Weird Rock Dude calls me up and asks have I heard from her, because he hasn’t got a check yet. I said no, but I’ll go by her house and see what’s up. “Partner” says she doesn’t want to lose the rocks and will I hold on to them until we open? I say sure, take possession of this stuff and the itemized bill and go away.

I call the Rock Dude and explain what’s going down. He’s now living 1500 miles away. Does he want me to send him this stuff, hold it for him, or what?

“Put it on consignment,” he says. “Pay me as you can.” Oh, what a fool I was!

So I did that, keeping meticulous records. I paid him regularly, eventually using ACH because otherwise he would sit on my checks for weeks. But I didn’t have any contact with him, had no need to until I ran out of one of the minerals and tried to get a hold of him. I left message after message and no return call. I sent email after email and no return message. I mailed a letter to his address and it came back, and then one day, the ACH was returned as “account closed.”

Well WTF do you do then?! I couldn’t pay him, I couldn’t get a hold of him, I had no good information, and he hadn’t checked his Facebook for two years from the look of unanswered birthday greetings. I had pulled his stuff some months previously because of the tax thing, but I still had a balance, between having agreed to purchase some of the stuff outright and not quite paying off the consignment debt.

Now I still owed this guy like five hundred bucks and couldn’t get a hold of him. For all I knew he’d fallen off a mountain or died in a rock slide. I also had a lot of his inventory in my office, just sitting there collecting dust.

Eventually I worked out how much I had paid him in total, and it came within eleven dollars of what the original bill was. So I prepared a letter for him and mailed it (knowing it would be returned) so that I would have had proof of trying to contact him.

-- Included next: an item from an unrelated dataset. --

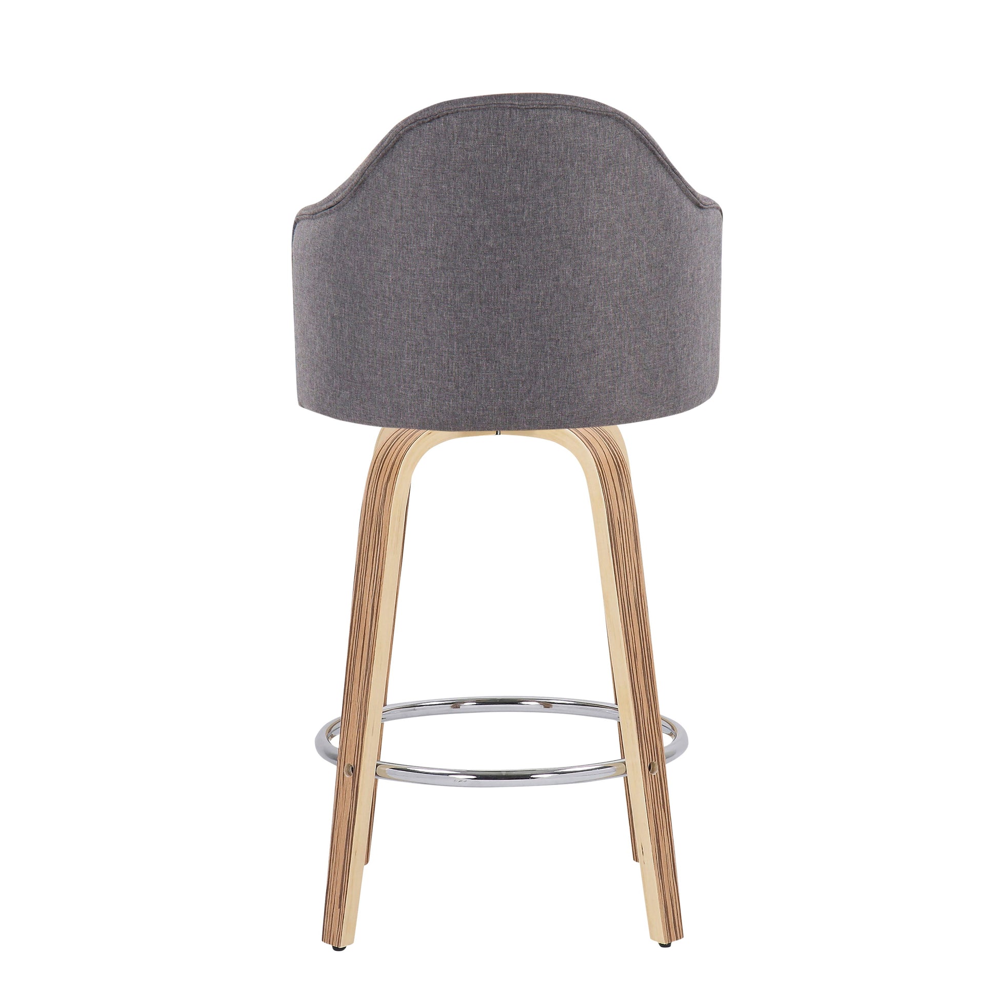 Ahoy - Mid-Century Modern Fixed Height Counter Stool With Zebra Legs / Round Chrome Footrest (Set of 2) - Gray
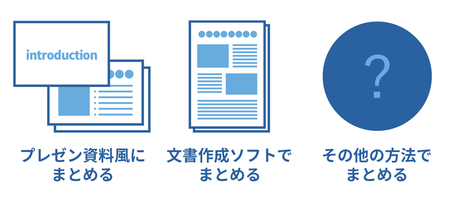 人によって様々ですが、WordやPowerPointで作った資料を印刷したものが多い印象です。図や写真を入れてグラフィカルにまとめる人もいれば、テキストだけでさらっとまとめる人もいます。

Eighteen months after I had pulled his stuff, I got tired of tripping over it in my offie and put it back on the shelf.

Two days after I did that, the guy calls, wanting to know if there’s any money to pick up. I let it go to voice mail. He says he’s going to have his brother come and pick up his stuff, plus any money. All this time, the brother has lived 15 miles away from my store. Right.

What the brother picked up was a letter explaining that we had made other arrangements for the merchandise due to lack of contact (on this date, and this one, and this one, and returned mail, and returned ACH, and…). GEE WHIZ for some reason, Weird Rock Dude Tax Dodger was mad at me!

The Employee Problem

If you do decide to go ahead and accept consignment, it is unwise to allow your employees to become consignment vendors. As I found out, the clerk would push her own merchandise a lot harder than the things we already owned, insisted on getting paid a lot more often than the other consignees (because she was in the shop), and started copying things we sold – including things I made – and then putting a lower price on them. None of this helped pave the way to her paycheck clearing the bank, but she did not understand that aspect of running a business. She just wanted to use my store as a free sales venue and threw an enormous hissy fit when I decided to end ALL consignment, hers included. It had been a good income for her, but what was good for her was bad for my bottom line. She nearly lost her job over it.

Another thing to think about is that an employee with stuff on consignment might nick their own items so that it appears they have been stolen. We did lose one of our employee’s items, but I don’t think she took it herself. However, the loss of it made me realize that lost or sold, if it wasn’t on the sales floor when we audited the remaining inventory against the incoming stuff list, we’d have to pay our full share as if it had sold.

Well my dears, at over 4100 words this is a mighty long post, but I hope that you think long and hard before making your decision. If you do plan to go with consignment, please make yourself an excellent contract that protects you from bad experiences. It will seem very one-sided, but you don’t have to give up your autonomy or accede to ridiculous requests or pander to problem vendors. This is YOUR store, your business. Look out for your own self.